Not only has she reinvigorated the art of cuisine by instilling in us a sense of pride in our local producers but she has also got us back on track with nature -- which in our country is nothing short of a miracle. Moreover, she has not stopped there: she has coupled with some of our nation's leaders, women like Michelle Obama, to carry on the Edible Schoolyard idea/tradition into the Let's Move campaign's goal of fighting obesity.

Waters' edible education and her Edible Schoolyard was based on the idea of introducing the concept of healthy eating to children at a young age and encouraging them to produce their own foods, how to grow fruits and vegetables, and how to enjoy a healthier, tastier lifestyle (Waters, Littschwager, Duane, 2008). Waters has even called on President Barack Obama to plant an organic garden at the White House in order to set an example for the rest of the country (CBSNews, 2009).
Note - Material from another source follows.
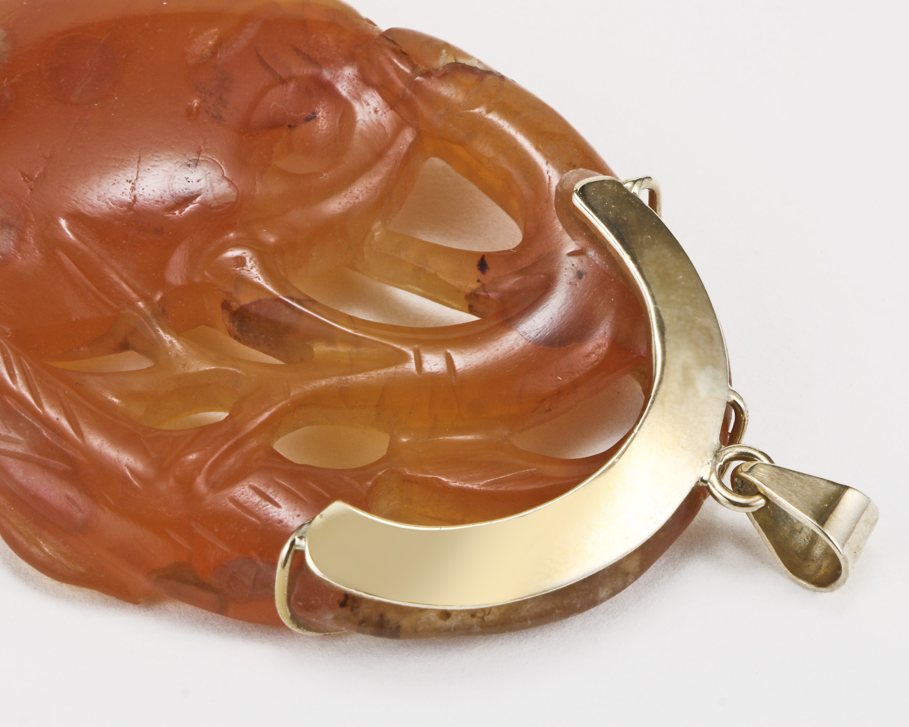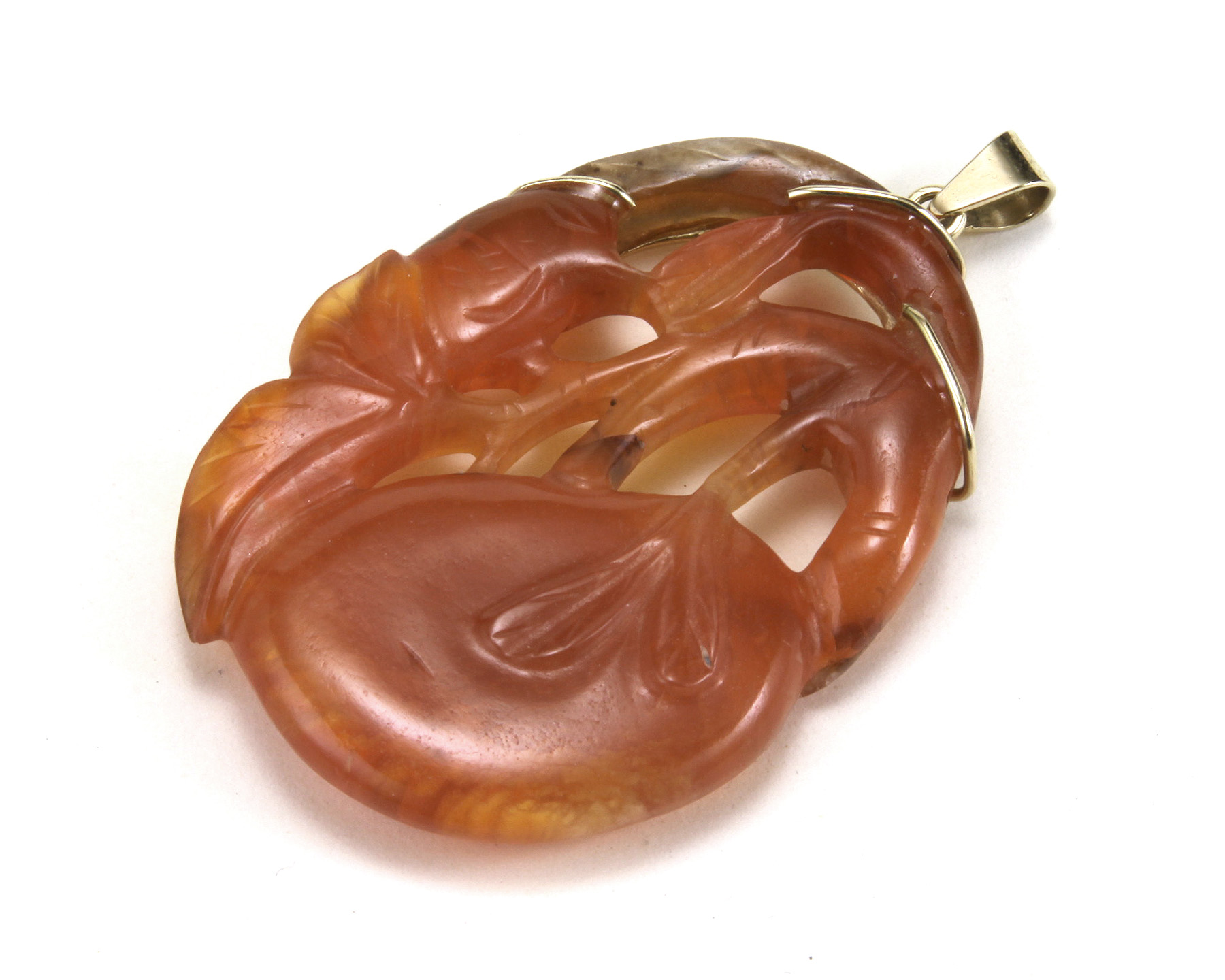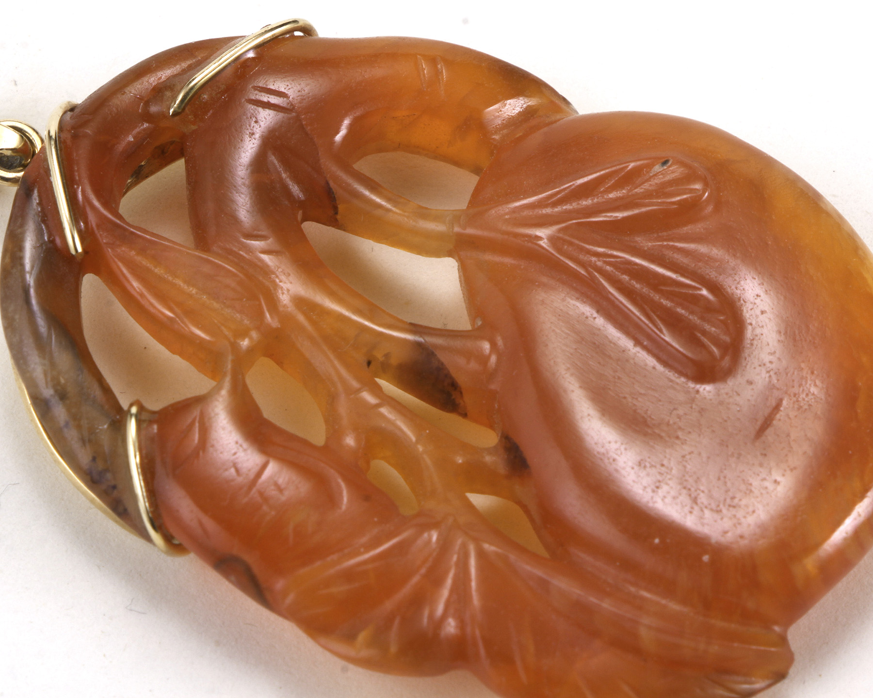 Chinese “Qing Su Zhou” school carved agate pendant, depicting Gish and lotus, having 14K gold shoulder and bail.

This, it must be remembered, is the same White House that gave Monsanto, the genetically altered food producer the right to produce harmful foods without being tested by scientists. The fact that Waters could get the White House to give a 180 degree u-turn example of how the best food for us is the food that we ourselves grow in our own gardens is a phenomenal achievement.

In short, Alice Waters is not just a great chef, but also a great person -- an individual who cares about our well being because she aims to please and wants us all to do well, eat well, and live well. She is the kind of person I admire on many levels.

In conclusion, I am honored to be able to speak about Alice Waters because she is such a terrific role model, both for chefs who want to aim to please and realize that using all-natural ingredient locally grown is a great way to do.